Exercise aim —
Return the records that follow unaltered. Omit every picture.

Extracted records
..........

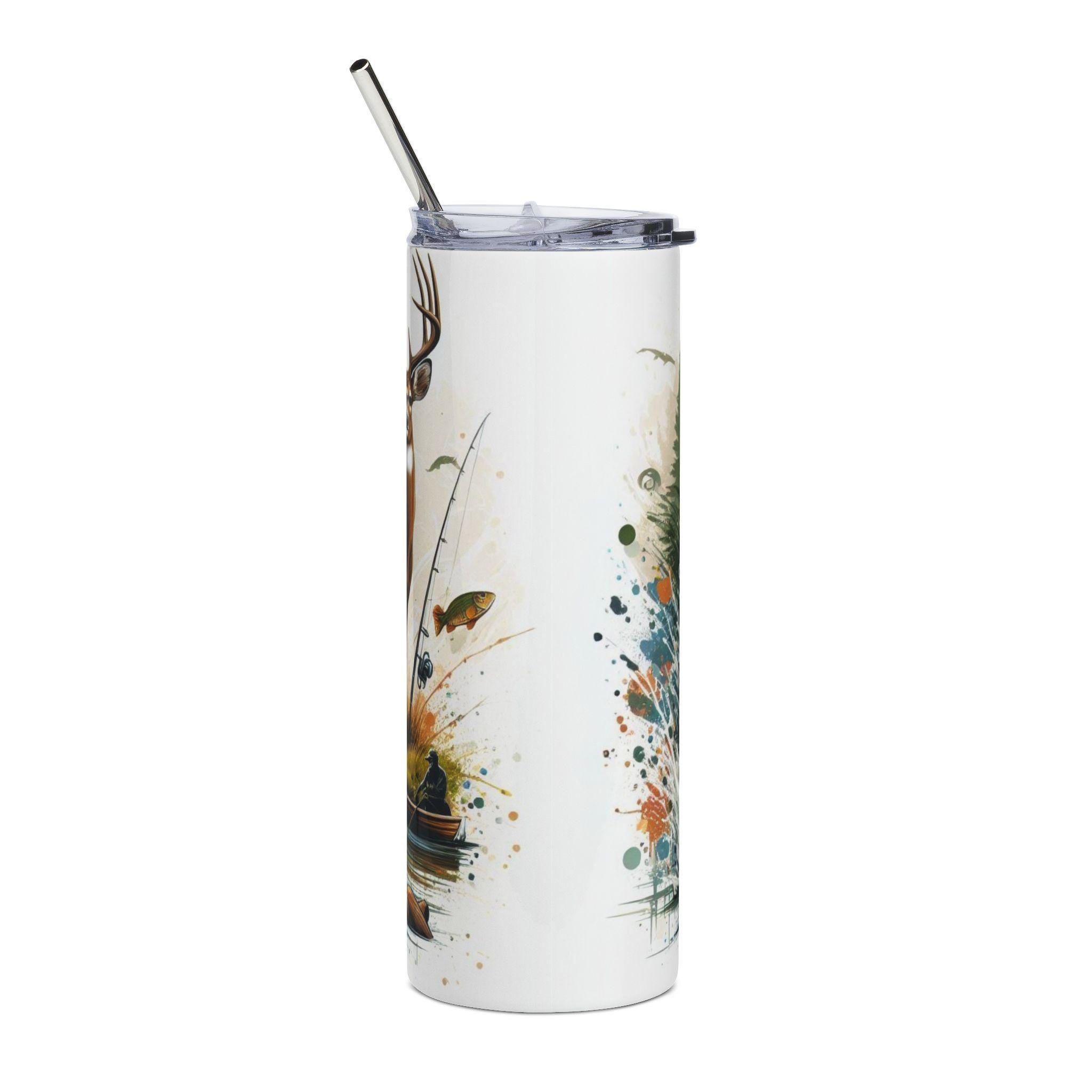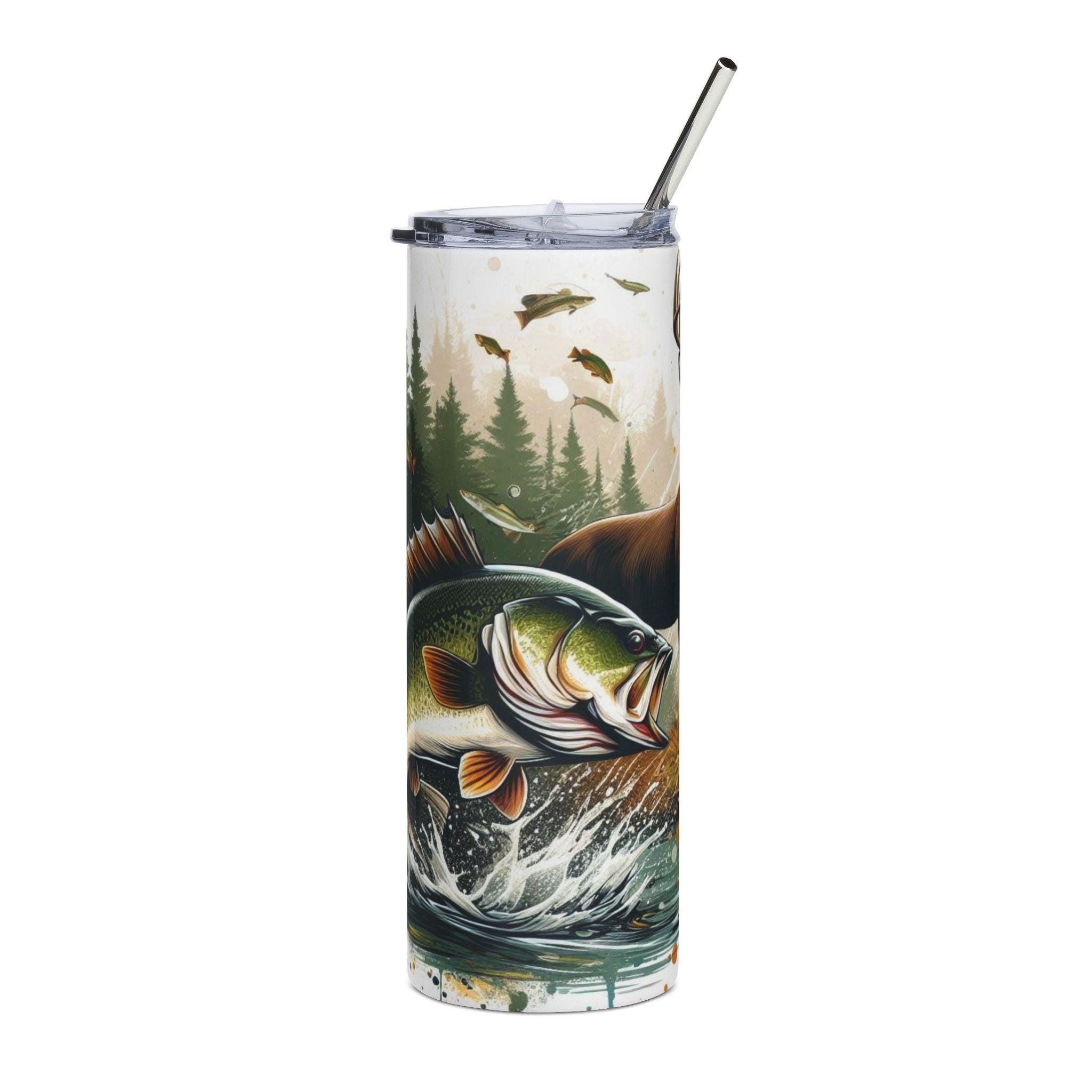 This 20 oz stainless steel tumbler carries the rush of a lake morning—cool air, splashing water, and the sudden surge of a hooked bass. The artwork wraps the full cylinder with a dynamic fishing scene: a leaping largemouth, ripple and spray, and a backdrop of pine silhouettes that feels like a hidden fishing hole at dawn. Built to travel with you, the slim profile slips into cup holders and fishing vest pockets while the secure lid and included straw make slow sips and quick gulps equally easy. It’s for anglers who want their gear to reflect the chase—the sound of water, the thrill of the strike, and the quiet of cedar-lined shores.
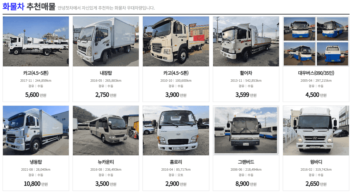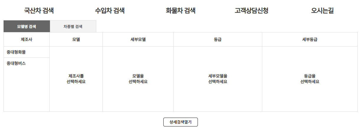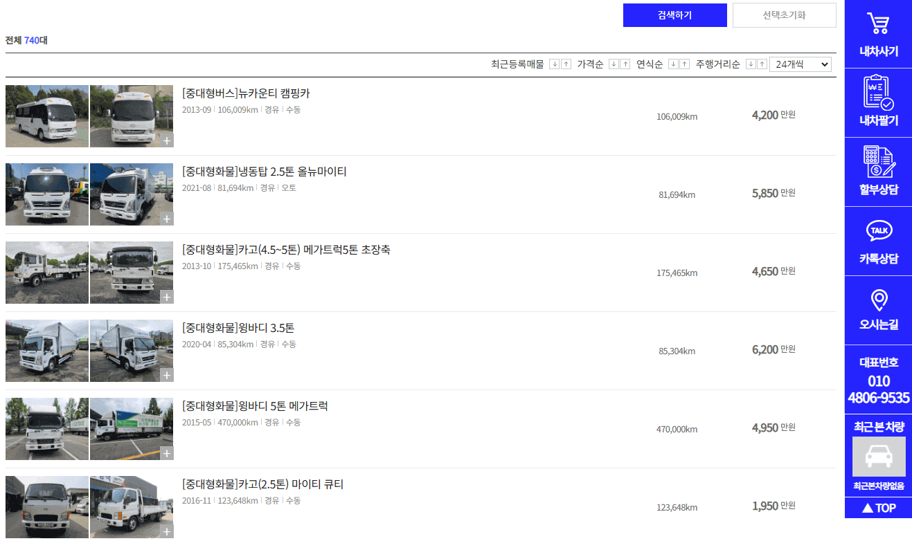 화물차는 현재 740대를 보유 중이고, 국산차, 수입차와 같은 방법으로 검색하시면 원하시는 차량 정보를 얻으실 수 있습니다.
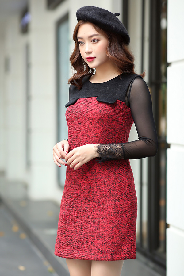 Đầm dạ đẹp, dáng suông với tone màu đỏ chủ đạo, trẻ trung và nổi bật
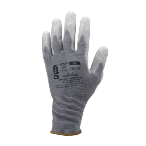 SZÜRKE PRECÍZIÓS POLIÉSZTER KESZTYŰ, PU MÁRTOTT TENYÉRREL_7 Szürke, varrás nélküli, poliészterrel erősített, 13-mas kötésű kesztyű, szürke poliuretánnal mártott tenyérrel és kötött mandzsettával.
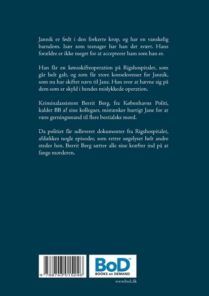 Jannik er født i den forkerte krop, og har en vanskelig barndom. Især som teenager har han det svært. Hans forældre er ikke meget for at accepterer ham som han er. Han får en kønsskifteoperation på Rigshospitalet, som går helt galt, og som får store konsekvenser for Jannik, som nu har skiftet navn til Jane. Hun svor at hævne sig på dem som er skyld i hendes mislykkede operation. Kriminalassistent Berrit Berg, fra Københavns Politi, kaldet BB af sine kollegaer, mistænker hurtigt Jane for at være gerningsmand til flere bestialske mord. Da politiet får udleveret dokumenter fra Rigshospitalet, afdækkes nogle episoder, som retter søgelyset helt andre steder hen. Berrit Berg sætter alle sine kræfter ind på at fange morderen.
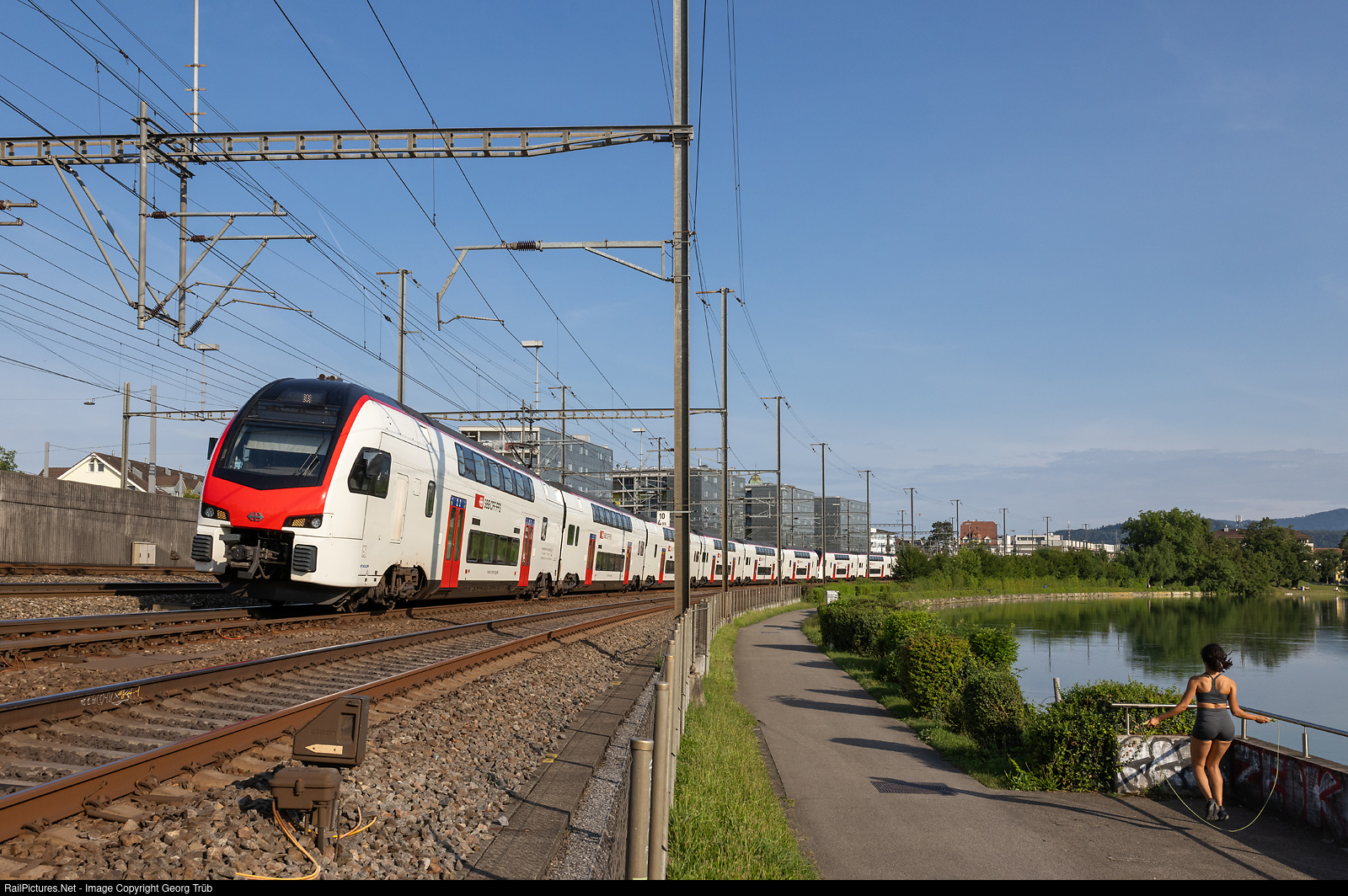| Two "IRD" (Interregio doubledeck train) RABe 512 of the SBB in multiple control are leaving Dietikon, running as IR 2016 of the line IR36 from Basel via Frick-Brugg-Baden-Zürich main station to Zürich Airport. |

..........

Completed exercise —
 This 20 oz stainless steel tumbler carries the rush of a lake morning—cool air, splashing water, and the sudden surge of a hooked bass. The artwork wraps the full cylinder with a dynamic fishing scene: a leaping largemouth, ripple and spray, and a backdrop of pine silhouettes that feels like a hidden fishing hole at dawn. Built to travel with you, the slim profile slips into cup holders and fishing vest pockets while the secure lid and included straw make slow sips and quick gulps equally easy. It’s for anglers who want their gear to reflect the chase—the sound of water, the thrill of the strike, and the quiet of cedar-lined shores.
 화물차는 현재 740대를 보유 중이고, 국산차, 수입차와 같은 방법으로 검색하시면 원하시는 차량 정보를 얻으실 수 있습니다.
 Đầm dạ đẹp, dáng suông với tone màu đỏ chủ đạo, trẻ trung và nổi bật
 SZÜRKE PRECÍZIÓS POLIÉSZTER KESZTYŰ, PU MÁRTOTT TENYÉRREL_7 Szürke, varrás nélküli, poliészterrel erősített, 13-mas kötésű kesztyű, szürke poliuretánnal mártott tenyérrel és kötött mandzsettával.
 Jannik er født i den forkerte krop, og har en vanskelig barndom. Især som teenager har han det svært. Hans forældre er ikke meget for at accepterer ham som han er. Han får en kønsskifteoperation på Rigshospitalet, som går helt galt, og som får store konsekvenser for Jannik, som nu har skiftet navn til Jane. Hun svor at hævne sig på dem som er skyld i hendes mislykkede operation. Kriminalassistent Berrit Berg, fra Københavns Politi, kaldet BB af sine kollegaer, mistænker hurtigt Jane for at være gerningsmand til flere bestialske mord. Da politiet får udleveret dokumenter fra Rigshospitalet, afdækkes nogle episoder, som retter søgelyset helt andre steder hen. Berrit Berg sætter alle sine kræfter ind på at fange morderen.
| Two "IRD" (Interregio doubledeck train) RABe 512 of the SBB in multiple control are leaving Dietikon, running as IR 2016 of the line IR36 from Basel via Frick-Brugg-Baden-Zürich main station to Zürich Airport. |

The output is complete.